Given a set of training instances (X1, Y1), (X2, Y2), ... (Xn, Yn), typically, each instance of Xi i=1,2,..., N is an m-dimensional vector, Yi is a vector with an L (l>=1) category, and the task of classifying is to learn a model f:x->y from the training instance, thus giving a trustworthy category prediction to the new instance.
The classifier for multi-class classification (Multiclass classification) is designed to specify a unique classification category for a new instance, with two common strategies: based on the posterior probability or distance given to all categories of measures at once, select the category with the largest measure as the forecast category , decompose the multi-class classification into many two-tuple classification questions, and then combine the results of all the two-tuple classifications.

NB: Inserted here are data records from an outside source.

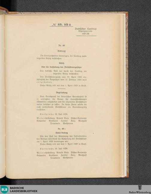 Nr. 89. Gesetz über die Aufhebung des Fleischsteuergesetzes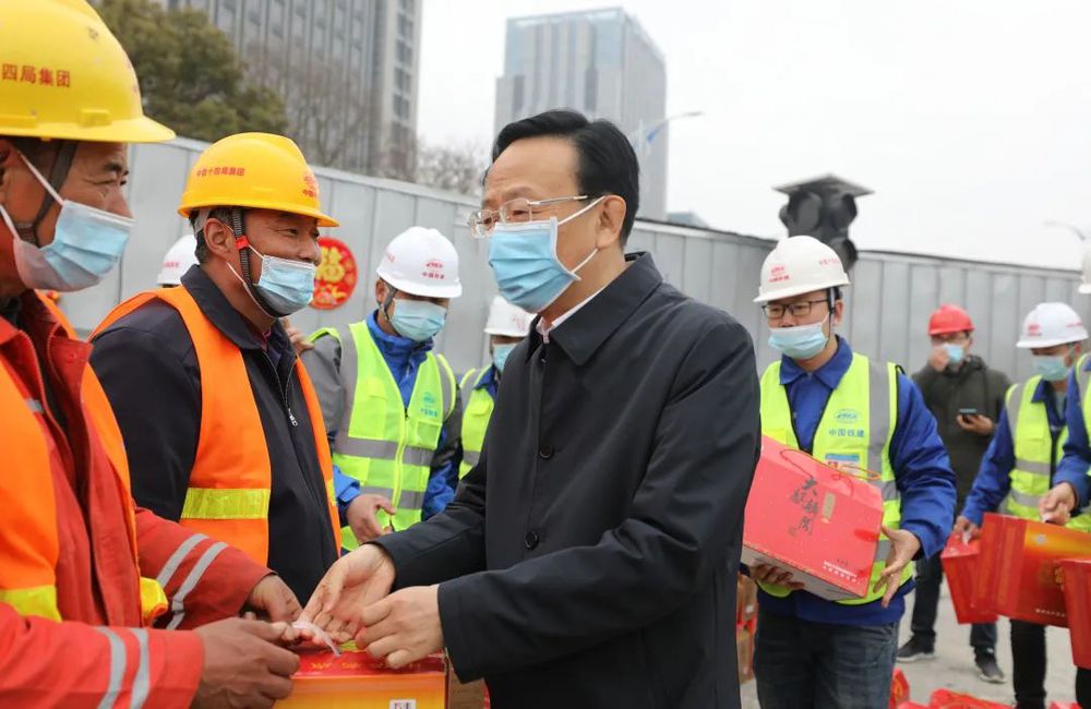 2月11日,農歷除夕,市委書記夏心旻來到潤揚路快速化改造工程(百吉巷—同泰路北)項目現場,走訪慰問節日堅守崗位的快速路項目留揚務工人員。市委常委、秘書長韓驊,副市長趙慶紅等陪同慰問。城控集團黨委書記、董事長葉善祥,副總經理季紅軍參加活動。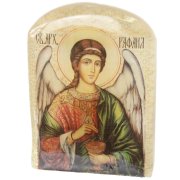 Икона на оргалите выполнена в технике литографии с двойным тиснением.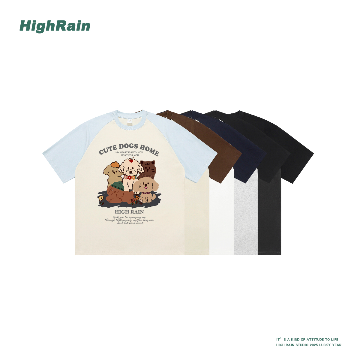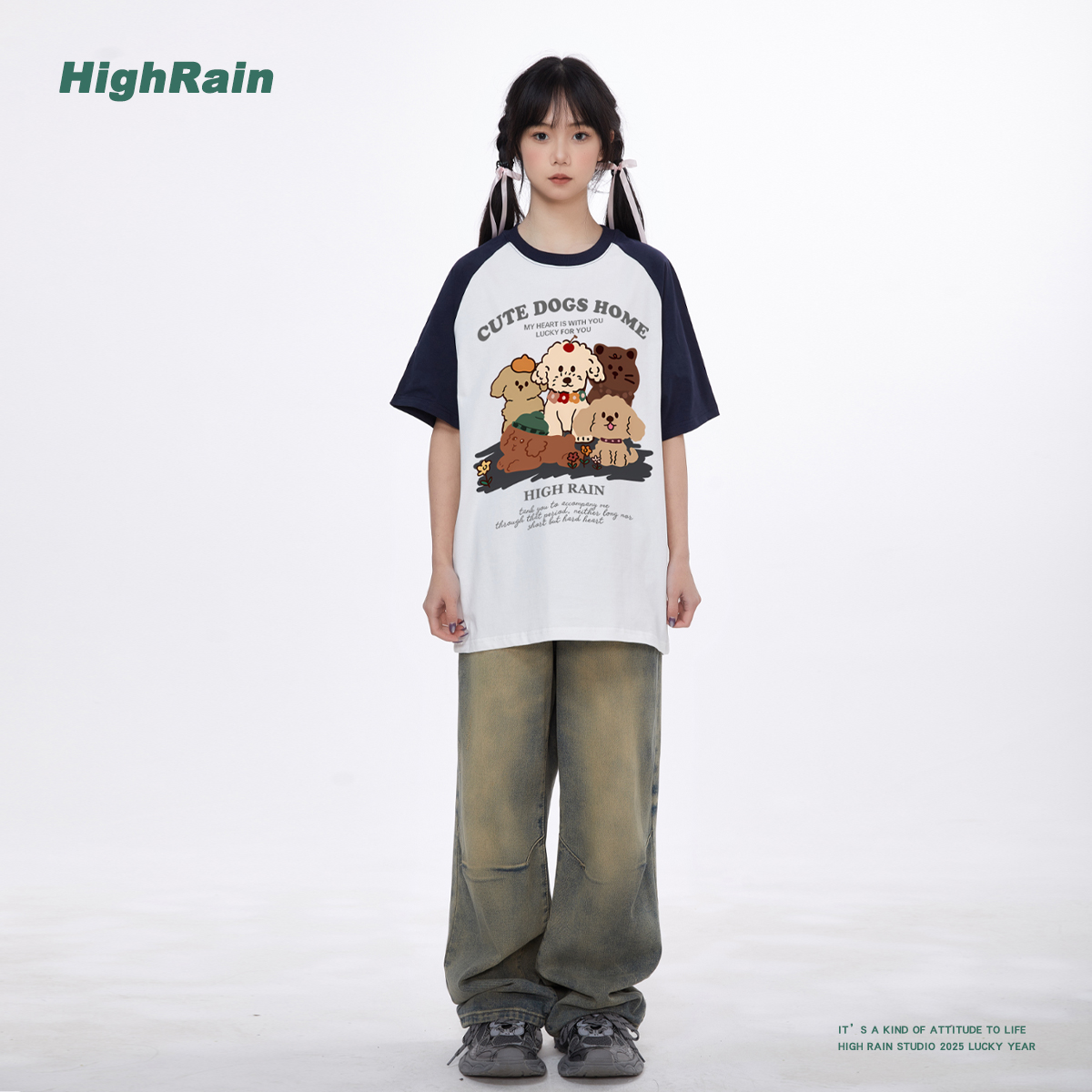 狗狗一家插肩短袖 新款 男女拼接T恤卡通百搭情侣上衣夏 rain high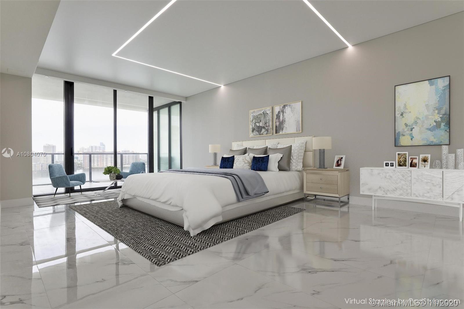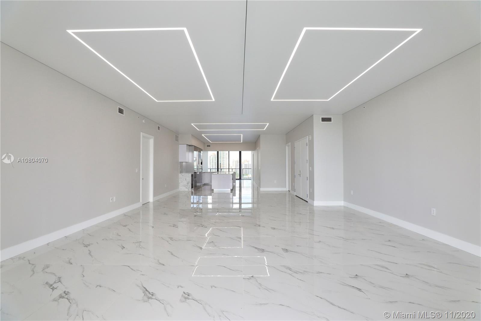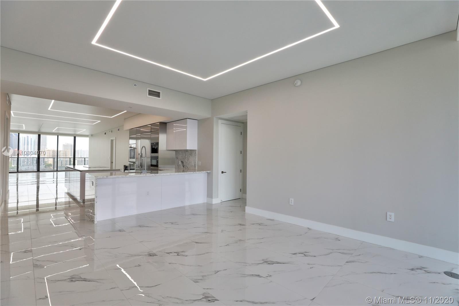 PRIVE is a magnificent complex in an 8 acre private island in Aventura. This brand new+ never lived in unit features a flow-through lay out w/3 bedrooms + den/4,5 baths & breathtaking views to intracoastal/Ocean from every window/ 10' foot floor -to -ceiling glass windows & deep expansive terraces w/ barbecue . White & Grey Italian porcelain floor already installed.High end custom made walk-in closets ,custom designed ceilings & LED lighting. Ready to move in! Private elevator & modern European Kitchen. World class amenities include: Gym/Spa, large pool deck w/ East&West views;2 pools & pool bar service, restaurant/cafe ; entertainments room, cigar room, wine room, lighted tennis courts, Private marina w/ boat slips available, children's playground &game room. Best deal in the building!!

The Multi-label classification (Multilabel classification) classifier assigns multiple categories to a new instance. This classification model has a wide range of practical applications, such as: A document may belong to multiple classifications at the same time, and a protein may have multiple functions. Also, there may be a certain dependency or binding relationship between multiple tags, such as Go (Gene Ontology), which is composed of all the functions of the protein. This dependency or constraint relationship has hierarchical characteristics, which can often be described as a tree or a direction-free graph structure, which the machine learning Community calls hierarchical multi-label classification. Because the output of the model has a hierarchical structure, the hierarchical multi-label classification belongs to another recently very active research area: structural prediction. Hierarchical multi-label classification and structural prediction are new and challenging research areas.